I think adding new forms of built-in literal should be done extremely carefully. I agree that unchecked string literals aren’t ideal, but I think this is a broader issue than accepting regular expressions.

Consider Version in Swift Package Manager. I often use the explicit Version(x, y, z) initializer instead of using a string literal like ”x.y.z”, specifically because I’d rather have the compile-time check. However, I think we can all agree making a special literal just for that would be rather absurd.

Swift had a similar issue with the proliferation of attributes, which has largely been nipped in the bud using property wrappers. Would it be possible to implement a similar system for custom literals, with the ability to interpret said literals at compile-time?

typesanitizer · September 30, 2021, 6:50pm

Could you share what the types of the core operations (alternation r1|r2, sequencing r1r2 and repetition r*) will be? I see two main directions here:

Build on top of type sequences.
Use lots of overloads (SwiftUI style).

Not sure which one you have in mind.

I'm wondering how one would go about building generic functionality on top of these strongly-typed regexes. For example, one cannot add conformances for tuples in library code today, which means that adding conditional conformances for regexes and patterns would require different extensions, one per tuple size...

Is that the right branch? Maybe I'm missing something, but I see parser combinators in that branch, but I don't see example tests using regexes.

I understand this is a very tempting design direction, but my experience with using strongly-typed regex libraries has been not been very good, so much so that I would like to caution against this direction. In comparable languages:

Using the strongly-typed regexes in Haskell is complicated and not very useful, beyond trivial cases which can be verified by inspection anyways.
Using the weakly-typed regexes in Rust is relatively straightforward and familiar when coming from other tools/languages (e.g. Python, grep and sed).

kylemacomber · September 30, 2021, 7:03pm

I think it'd make sense for named captures to translate to named tuple elements:

let regex = /(?<lower>[0-9A-F]+)(?:\.\.(?<upper>[0-9A-F]+))?\s*;\s(?<property>\w+).*/
print(type(of: regex))
// Prints Regex<(lower: Substring, upper: Substring?, property: Substring)>

It's not as clear what the right syntax would be for the result builder based syntax.
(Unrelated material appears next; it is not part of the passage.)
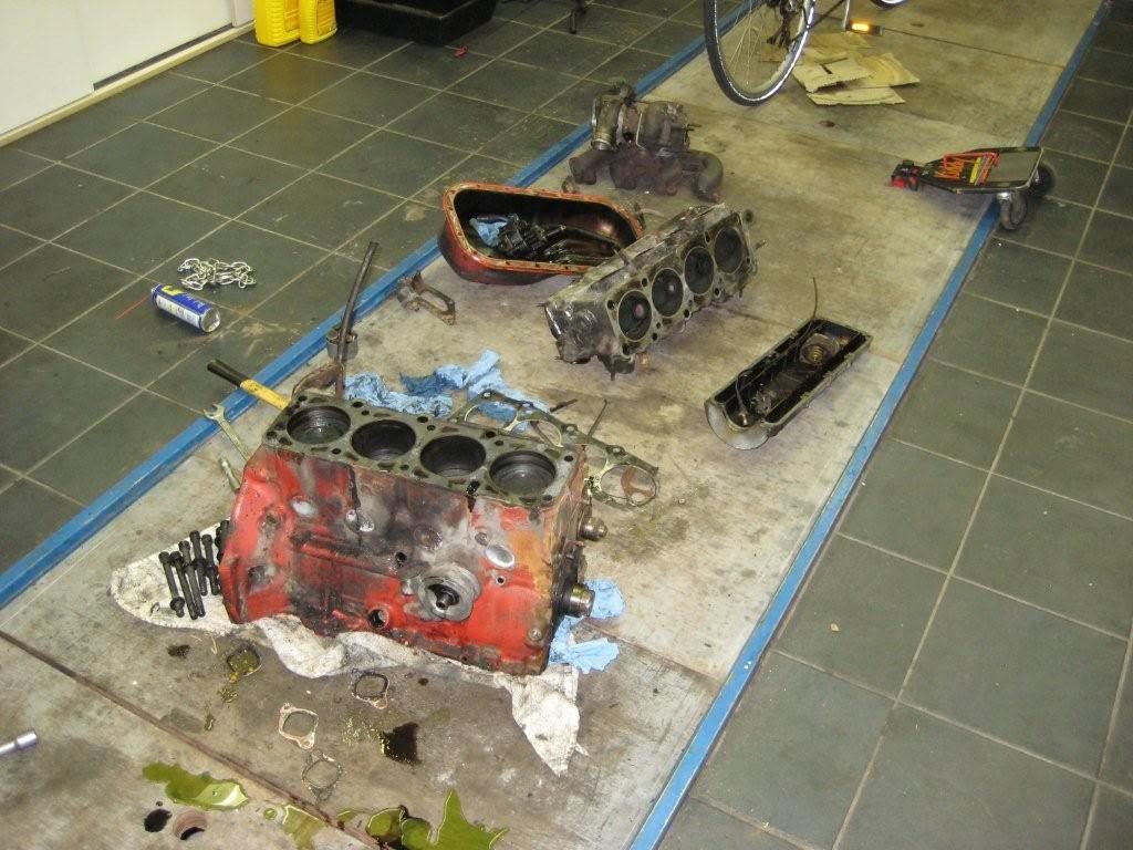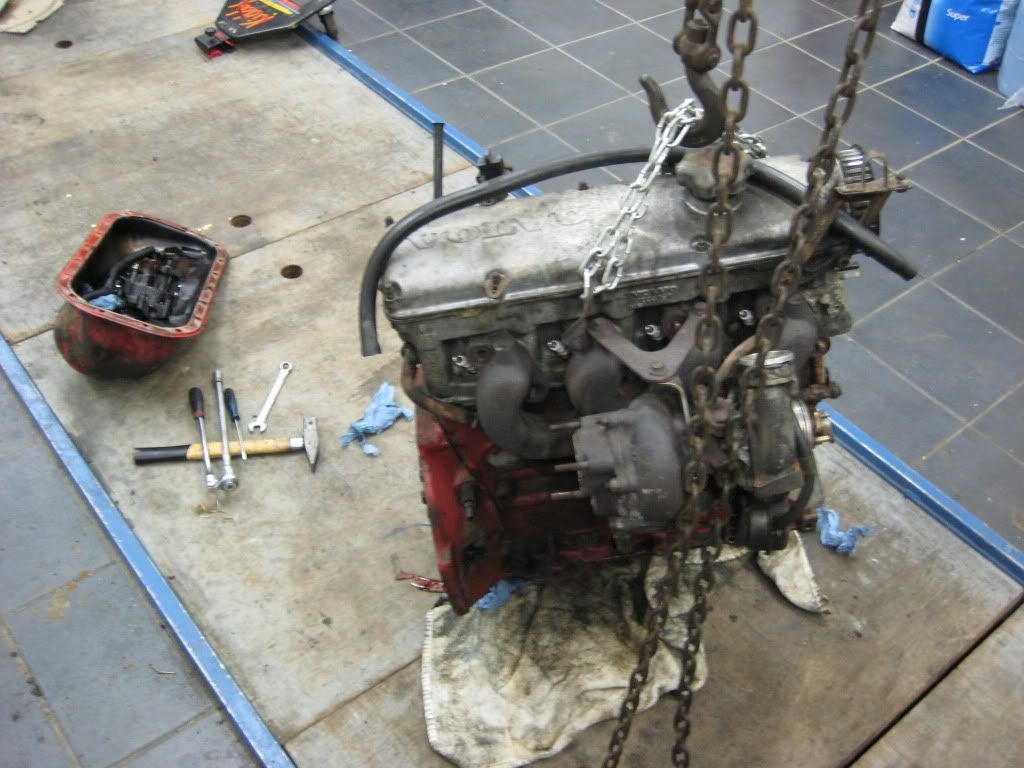 Ik ben begonnen met een motor uit een 240 turbo. Dit blok heb ik helemaal uit elkaar gehaald. Alle lagers zijn vervangen en de motor is gehoond. Ook alle pakkingen zijn nieuw.

I think we're going to figure out Swift's regex feature set as part of discussions like this. We want folks to be able to re-use their existing knowledge and existing regexes, so that argues for broad compatibility. At the same time, we also have this powerful, expressive result builder syntax, so we have the flexibility to not add every last exotic feature to the regex literal.

Saklad5 · September 30, 2021, 7:23pm

If there’s one thing I’m sure about, it’s that adding more specialized types of literal to the language itself is a slippery slope. If compile-time regular-expression checking can’t be implemented in actual Swift code (like result builders and property wrappers), it should not be added.
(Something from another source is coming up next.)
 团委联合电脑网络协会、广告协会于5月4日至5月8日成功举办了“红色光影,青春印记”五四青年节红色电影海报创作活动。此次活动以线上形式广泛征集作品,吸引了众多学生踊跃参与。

If we could add the ability to define and parse custom literals at compile-time, I think this would be an excellent point to break out single quotes. They’ve basically been kept for a rainy day in Swift up to this point.
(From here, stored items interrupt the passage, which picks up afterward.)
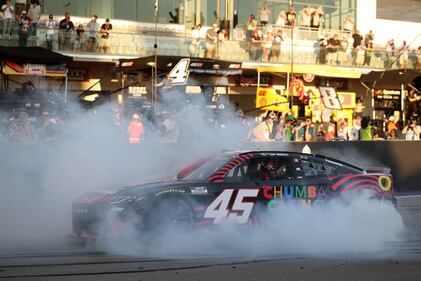 NASCAR Cup Series DuraMax Grand Prix Powered by RelaDyne AUSTIN, TEXAS - MARCH 01: Tyler Reddick, driver of the #45 Chumba Casino Toyota, celebrates with a burnout after winning his third race in a row to start the 2026 NASCAR season winning the NASCAR Cup Series DuraMax Grand Prix Powered by RelaDyne at Circuit of The Americas on March 01, 2026 in Austin, Texas. (Photo by Logan Riely/Getty Images) (Logan Riely/Getty Images)
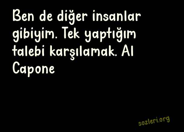 Ben de diğer - İşyeri Sözleri .. Ben de diğer insanlar gibiyim. Tek yaptığım talebi karşılamak. Al Capone ( İşyeri )
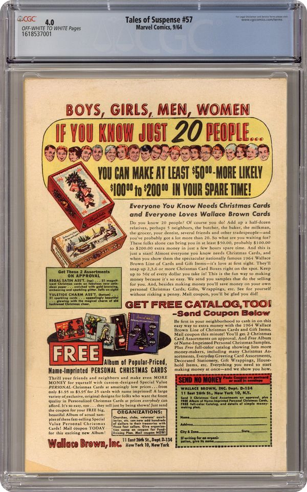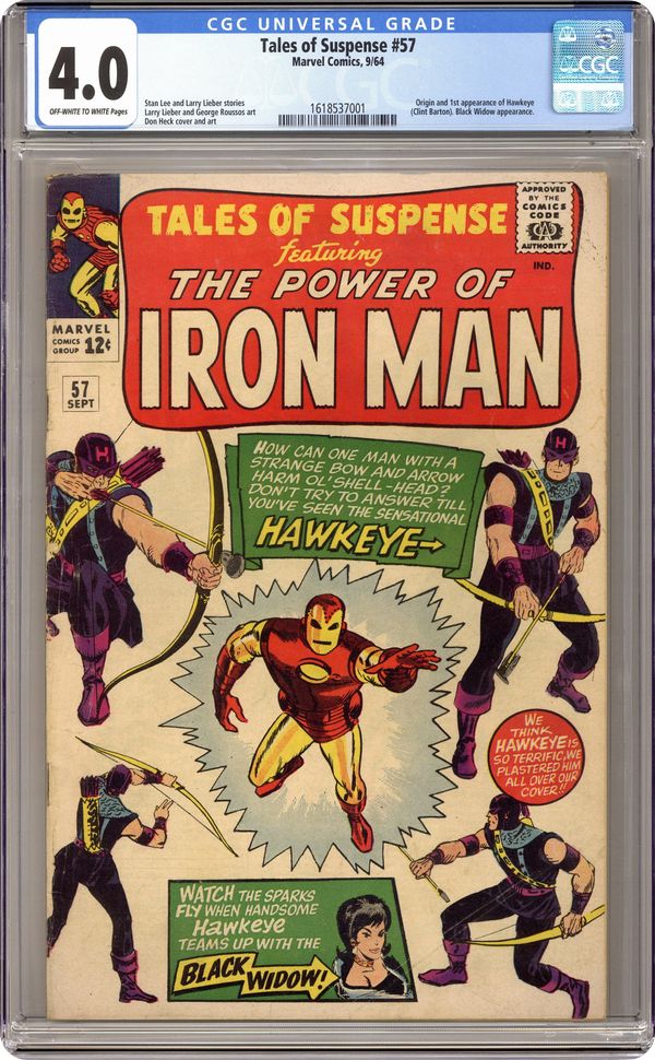Cover by Don Heck. First appearance of Hawkeye in "Hawkeye, the Marksman!", script by Stan Lee, art by Don Heck; A carnival marksman tries to become a super-hero, but after a misunderstanding with the police he falls in with the Black Widow; Hawkeye attacks Iron Man at the Widow's request, but when he accidentally injures his partner in the fight he flees to get her to safety. "The Runner" text story. "The Watcher's Power!", script by Stan Lee (plot) and Larry Lieber (script), pencils by Larry Lieber, inks by George Roussos (as George Bell); Space Pirates plan to attack a rich planet, thinking the Watcher will not interfere; They are destroyed because they unknowingly targeted the Watcher's home world, the one planet that he can interfere with. 36 pages, full color. Cover price $0.12. Grade: CGC 4.0 explanation of grade Condition: Used (collectible)

Saklad5 · September 30, 2021, 7:30pm

Actually, here’s a thought: if you allowed compile-time parsing, couldn’t this feature be used to bootstrap itself? You could use Pattern to interpret regex literals.

timdecode · September 30, 2021, 7:58pm

Very exciting! I'm going to link swift-parsing because a brief scan didn't find it linked already. It has a similar composable API minus the result builder syntax.

stephencelis · September 30, 2021, 11:41pm

I hope this means the team is considering Pattern as being able to process any generic kind of input?

For instance, you could process a URLRequest (or NIO request) into some domain-specific routing, which would benefit server-side Swift projects and API clients alike.

Here's a sketch of how that might look, interleaving parsers of URL requests with parsers of strings:

struct User: Decodable {
  let email: String
  let password: String
}

enum Route {
  case home
  case archive(page: Int?, perPage: Int?)
  case article(id: Int)
  case signUp(User)	
}

urlRequest.match {
  Alternation {
    Group {
      Method.get
      PathEnd()
    }
    .capture { Route.home }

    Group {
      Method.get
      PathComponents {
        "archive"
      }
      PathEnd()
      Optionally {
        QueryItem("page", Int.FormatStyle().capture())
      }
      Optionally {
        QueryItem("per-page", Int.FormatStyle().capture())
      }
    }
    .capture { Route.archive(page: $0, perPage: $1) }
		
    Group {
      Method.get
      PathComponents {
        "archive"
        Int.FormatStyle()
      }
      PathEnd()
    }
    .capture { Route.article(id: $0) }
		
    Group {
      Method.post
      PathComponents {
        "sign-up"
      }
      PathEnd()
      Body(decoder: JSONDecoder(), as: User.self)
    }
    .capture { Route.signUp($0) }
  }
}

(We do just this sort of thing in swift-parsing.)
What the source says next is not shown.